Game of Thrones – S07E05 – Eastwatch

This entry is part 6 of 8 in the series:
Game of Thrones Season 7

This last episode was called Eastwatch, which coincidentally sounds a lot like ‘easy-to-watch’. Which is what, I am slightly displeased to say, this episode was. It was the part of the essay that I’m bad at, the ‘linking’ sentence. Honestly, watching felt like more of a death penalty.

Anyone who is familiar with the show can tell you that nothing and I mean nothing, is in there for no reason. I guess lately though; the writers have to cram in as much as possible, considering they’ve spent years dragging out these storylines that need to somehow come to an end in the next three or so hours of screen time. Every second has a purpose to the larger story, so I do not doubt that the cheesy, soap opera undertones that we keep seeing this season, can be dismissed for the sake of the larger picture. Boy, there must be some hell of a finale.

Anyway as I said, this was a filler episode, to link up all the things that should’ve happened years ago, not that this show has any indication of a sequence of events in which time is a present factor… but that’s none of my business.

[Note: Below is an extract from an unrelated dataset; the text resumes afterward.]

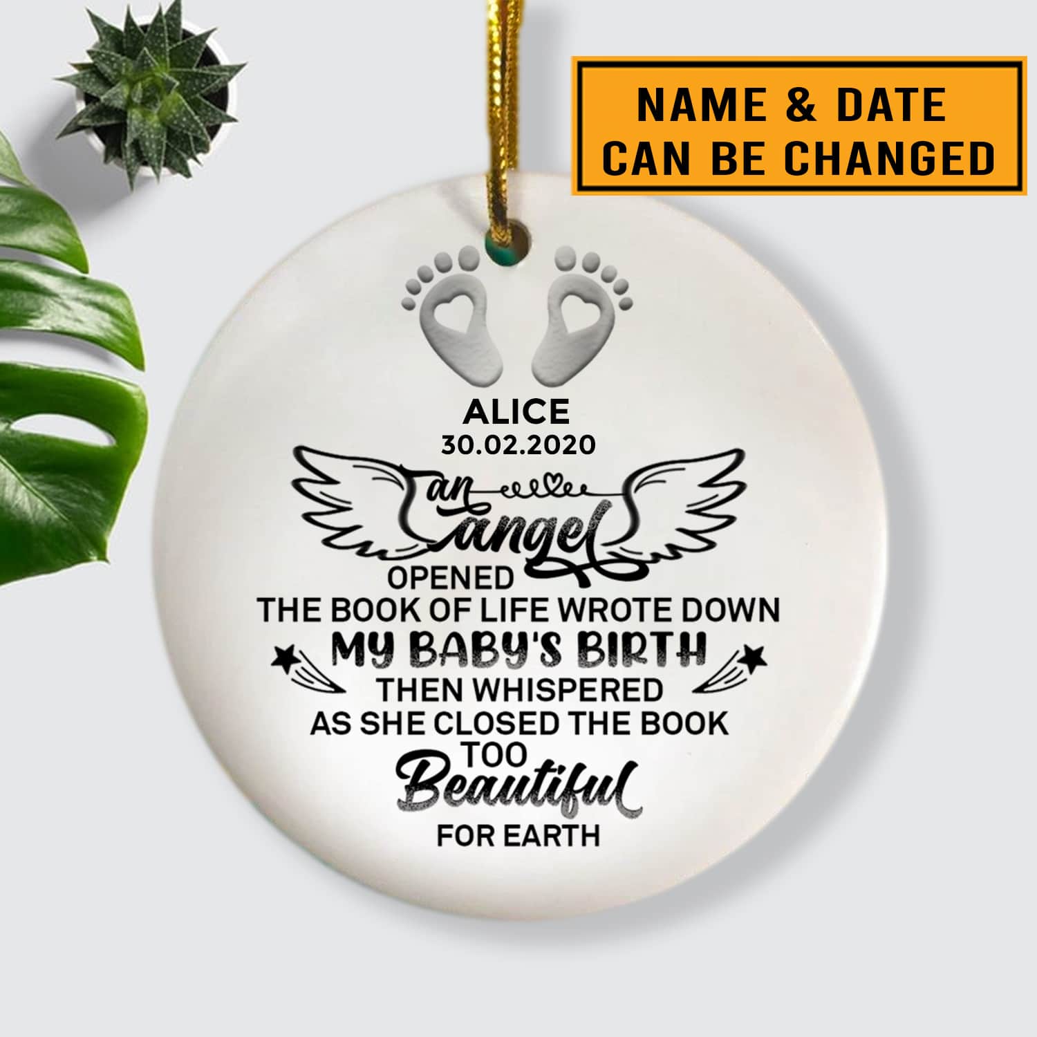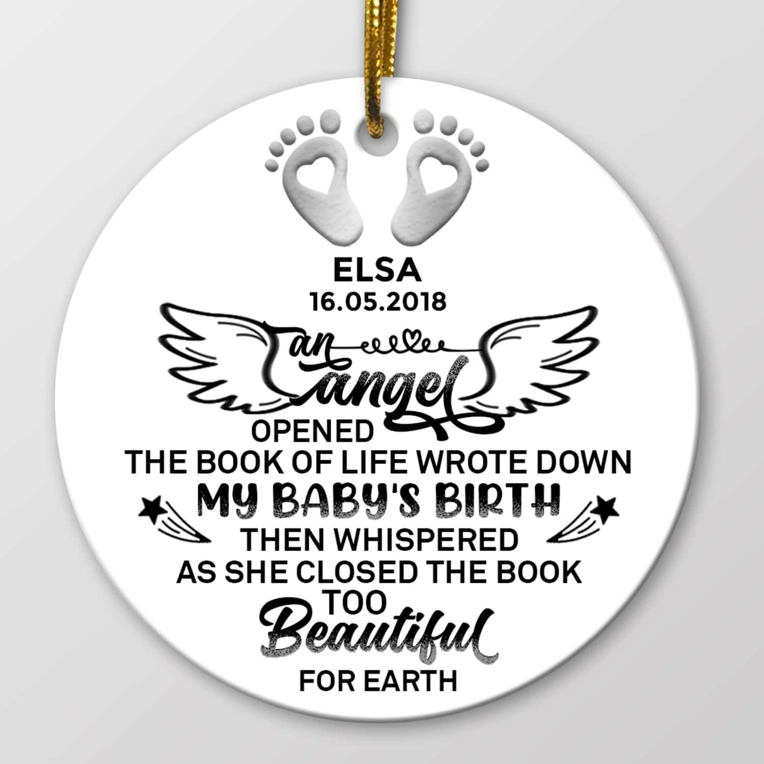 Let’s Shop Personalized An Angel Opened The Book Of Life Baby Angel In Heaven Circle Ornament – Baby Miscarriage Ornament!

But we’ll all get through it, we may not make it through alive, but minor details. One step after another. And now, one character after the other. So as Dora would have me say, as she’s creepily staring at me through the tv asking where we are going next on this grand adventure, vámonos!

Arya:

Luckily for us, even though there wasn’t a lot of exciting stuff for me to comment on in this episode, there are random internet people who have way too much spare time to interpret the weird things.

We saw an unnecessarily long scene of cat-and-mouse games between Arya and Littlefinger, which eventually led her to a note, strategically placed in her reach by Littlefinger.

Quick side question; has anyone ever looked at that damning Petyr Baelish and not automatically thought, “What’s he up tooo???”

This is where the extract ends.